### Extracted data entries
┄┄┄┄┄┄
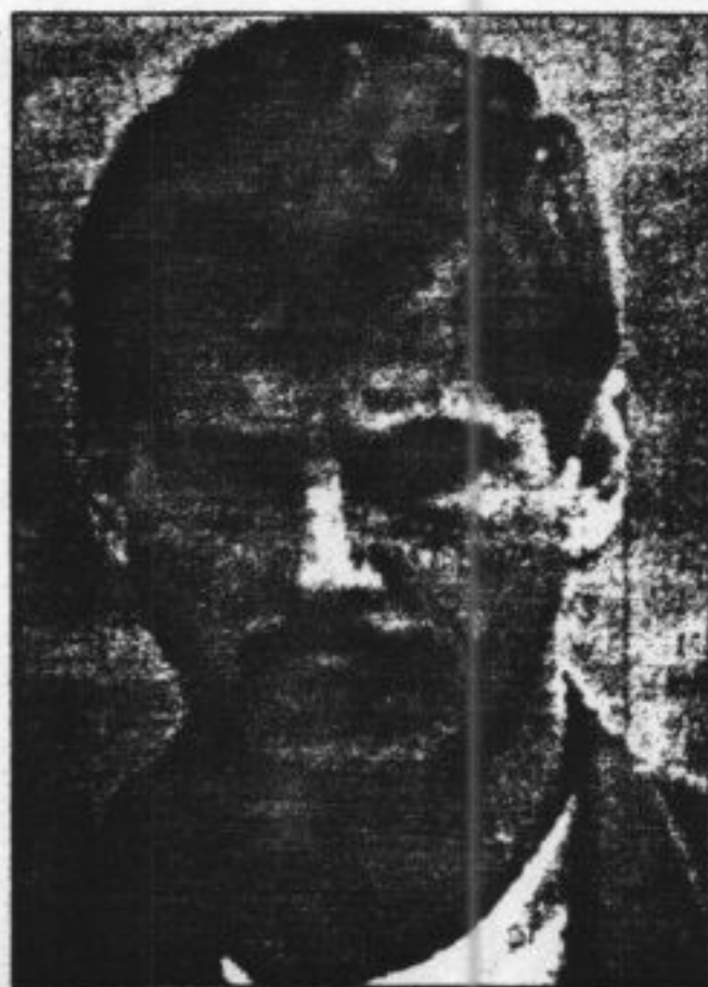
Hoofdverdachte Marc Dutroux... ontkent moorden...

De toeschouwers waren nauwelijks nog in bedwang te houden toen Dutroux zijn woning werd binnengevoerd om aan te wijzen waar gevangen moest worden. Een doodse stilte ontstond toen twee lijkwagens de straat inreden en duidelijk werd dat de lichaampjes van Julie Lejeune (8) en Mélissa Russo (8) waren gevonden.
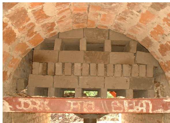
Horno vertical en Nicaragua

El Horno continuo vertical fue inventado en China hace algunas décadas y mejora la eficiencia del combustible a costos de producción similares a los del horno semicontinuo. Sin embargo, su operación requiere mayor habilidad, y hasta ahora, solo se ha probado con polvo de carbón como combustible. Una operación experimental con desechos agroindustriales está en progreso en Nicaragua.
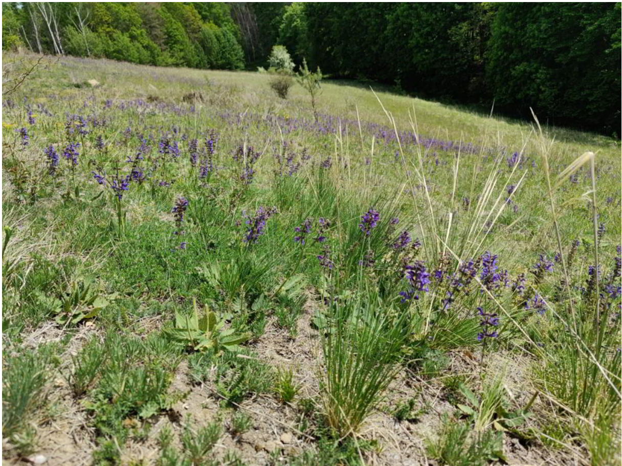
Abb 5: Habitat von Dioctria flavipennis in den Harslebener Bergen – trockenwarme schütterere Steppen- und Halbtrockenrasen

Alle hier aufgeführten Funde stammen aus dem Nordwestdeutschen Tiefland, aus dem die Art bisher nicht bekannt war. Alle Funde stammen aus dem Mai. Möglicherweise liegt die Hauptflugzeit der Art früher als bisher angenommen, was erklären könnte, warum bisher durchgeführte Nachsuchen Ende Juni oder Anfang Juli weitgehend ohne Erfolg geblieben sind.
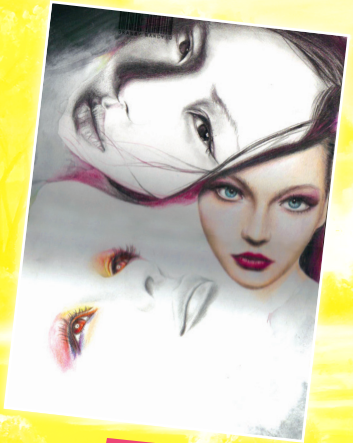
Faces - 色彩素描
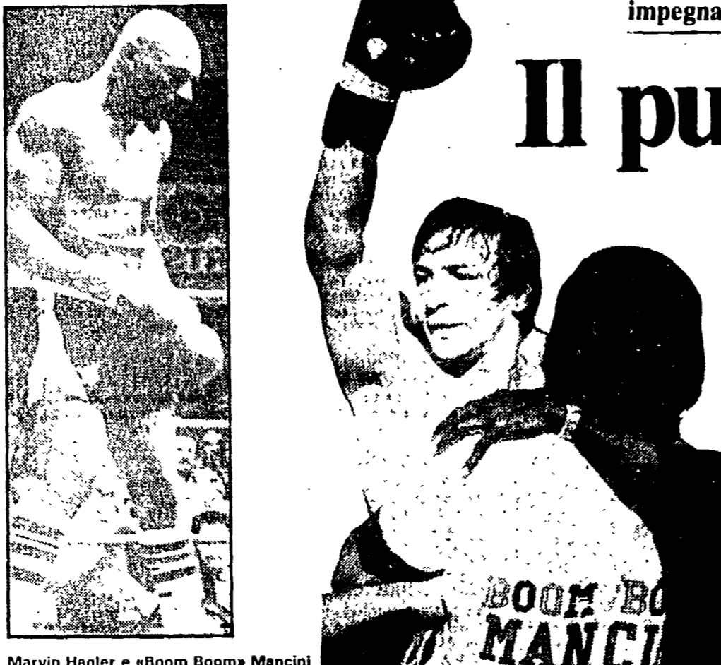
Marvin Hagler e «Boom Boom» Mancini
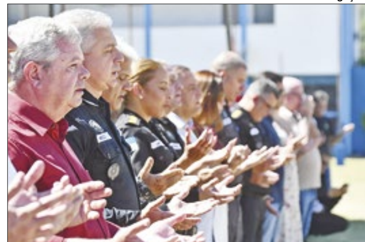
Missa e procissão marcaram o dia de São Jorge em Niterói
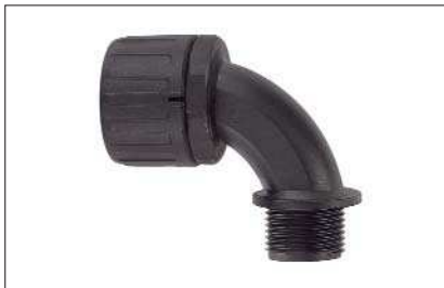
HelaGuard HG-90, 90°-Verschraubung mit Außengewinde.
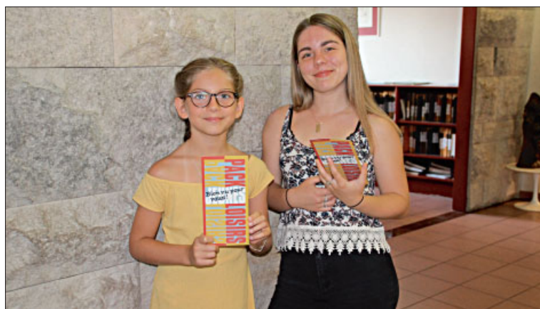
◆ Lors de la remise des packs loisirs jeunes.

◆ 120 cartes jeunes ont été offertes aux jeunes de la commune pour un coût de 840 €. 187 packs jeunes ont été remis aux 7-19 ans pour un montant total de 4 820 €.
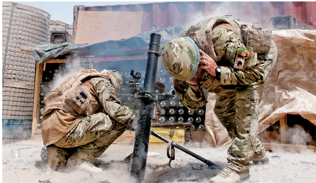
英国陆军士兵在阿富汗使用81毫米迫击炮向武装分子开火

官兵士气低落。根据英军统计数据，约35%现役官兵对部队生活总体满意，7%自认工作状态较好，而希望在服役期内提前退役的比例为26%，在本阶段任职期结束后立即退役的比例为25%。最令人担忧的是，仅40%的陆军官兵愿意推荐他人参军。
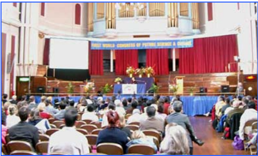
来自世界各地的专家学者济济一堂，向台下

早在 2002 年，法轮功就走进了剑桥大学。3 月 9 日由法轮功科学家修炼者为主体举办的“首届世界未来科学与文化大会”在学术传统悠久的英国伦敦学府剑桥大学隆重召开。
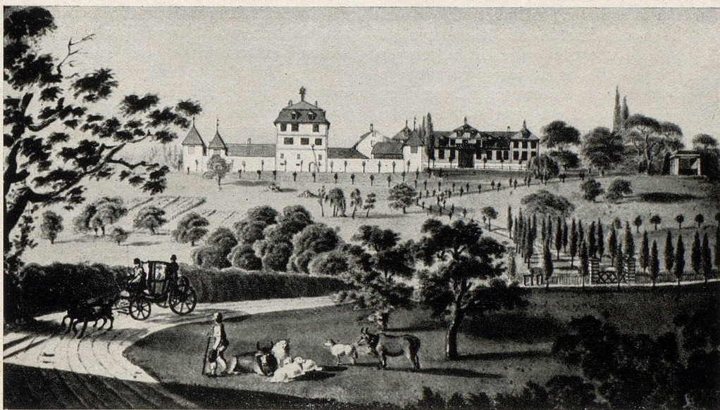
Schloss Wolfsberg (ca. 1830) nach einem zeitgenössischen Aquarell im Schloss Wolfsberg.

Charleville zur Welt, wo ihr Vater ein angesehenes Mitglied des Rates der Stadt war und es später während der Revolution zum Deputierten der konstituierenden Versammlung brachte. Nach der Schreckensherrschaft kam sie in das von Madame Campan, der geistvollen Vorleserin der Königin Marie Antoinette, eröffnete Institut. Dort traf sie neben vielen Schülerinnen, die später in der Gesellschaft des Konsulates und des ersten Kaiserreiches eine bedeutende Rolle spielten, auch die Tochter der verwitweten Josephine Beauharnais, Hortense, die im gleichen Alter stand wie sie. Die auf diese Art entstandene Bekanntschaft artete bald in intime Freundschaft aus, und als Hortense durch die Wiederverehelichung ihrer
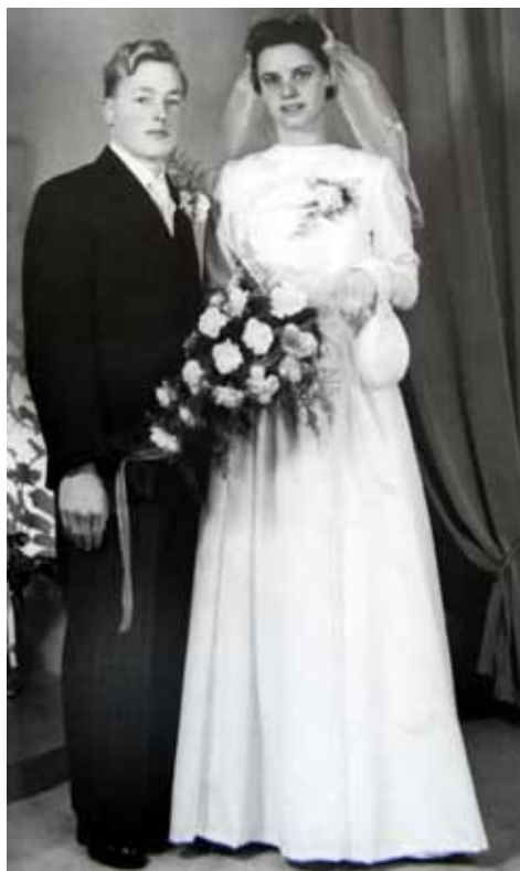
Trouwfoto van het jonge stel. Getrouwd 14 november 1958.
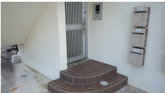
3. エントランスホール（タイル・ガラス）
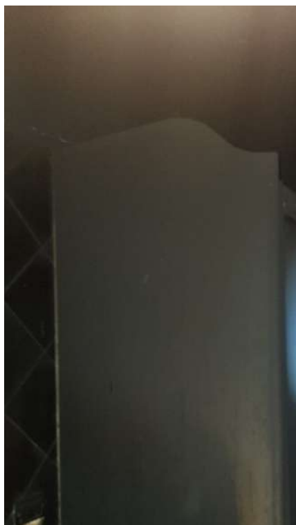
Foto 19 – Altra vista interna fabbricato oggetto di esecuzione (post-incendio).
┄┄┄┄┄┄
### WHAT NEEDS TO BE DONE
Please reproduce every entry above exactly, but leave out the pictures.

### RESPONSE FOR THIS EXERCISE
Hoofdverdachte Marc Dutroux... ontkent moorden...

De toeschouwers waren nauwelijks nog in bedwang te houden toen Dutroux zijn woning werd binnengevoerd om aan te wijzen waar gevangen moest worden. Een doodse stilte ontstond toen twee lijkwagens de straat inreden en duidelijk werd dat de lichaampjes van Julie Lejeune (8) en Mélissa Russo (8) waren gevonden.
Horno vertical en Nicaragua

El Horno continuo vertical fue inventado en China hace algunas décadas y mejora la eficiencia del combustible a costos de producción similares a los del horno semicontinuo. Sin embargo, su operación requiere mayor habilidad, y hasta ahora, solo se ha probado con polvo de carbón como combustible. Una operación experimental con desechos agroindustriales está en progreso en Nicaragua.
Abb 5: Habitat von Dioctria flavipennis in den Harslebener Bergen – trockenwarme schütterere Steppen- und Halbtrockenrasen

Alle hier aufgeführten Funde stammen aus dem Nordwestdeutschen Tiefland, aus dem die Art bisher nicht bekannt war. Alle Funde stammen aus dem Mai. Möglicherweise liegt die Hauptflugzeit der Art früher als bisher angenommen, was erklären könnte, warum bisher durchgeführte Nachsuchen Ende Juni oder Anfang Juli weitgehend ohne Erfolg geblieben sind.
Faces - 色彩素描
Marvin Hagler e «Boom Boom» Mancini
Missa e procissão marcaram o dia de São Jorge em Niterói
HelaGuard HG-90, 90°-Verschraubung mit Außengewinde.
◆ Lors de la remise des packs loisirs jeunes.

◆ 120 cartes jeunes ont été offertes aux jeunes de la commune pour un coût de 840 €. 187 packs jeunes ont été remis aux 7-19 ans pour un montant total de 4 820 €.
英国陆军士兵在阿富汗使用81毫米迫击炮向武装分子开火

官兵士气低落。根据英军统计数据，约35%现役官兵对部队生活总体满意，7%自认工作状态较好，而希望在服役期内提前退役的比例为26%，在本阶段任职期结束后立即退役的比例为25%。最令人担忧的是，仅40%的陆军官兵愿意推荐他人参军。
来自世界各地的专家学者济济一堂，向台下

早在 2002 年，法轮功就走进了剑桥大学。3 月 9 日由法轮功科学家修炼者为主体举办的“首届世界未来科学与文化大会”在学术传统悠久的英国伦敦学府剑桥大学隆重召开。
Schloss Wolfsberg (ca. 1830) nach einem zeitgenössischen Aquarell im Schloss Wolfsberg.

Charleville zur Welt, wo ihr Vater ein angesehenes Mitglied des Rates der Stadt war und es später während der Revolution zum Deputierten der konstituierenden Versammlung brachte. Nach der Schreckensherrschaft kam sie in das von Madame Campan, der geistvollen Vorleserin der Königin Marie Antoinette, eröffnete Institut. Dort traf sie neben vielen Schülerinnen, die später in der Gesellschaft des Konsulates und des ersten Kaiserreiches eine bedeutende Rolle spielten, auch die Tochter der verwitweten Josephine Beauharnais, Hortense, die im gleichen Alter stand wie sie. Die auf diese Art entstandene Bekanntschaft artete bald in intime Freundschaft aus, und als Hortense durch die Wiederverehelichung ihrer
Trouwfoto van het jonge stel. Getrouwd 14 november 1958.
3. エントランスホール（タイル・ガラス）
Foto 19 – Altra vista interna fabbricato oggetto di esecuzione (post-incendio).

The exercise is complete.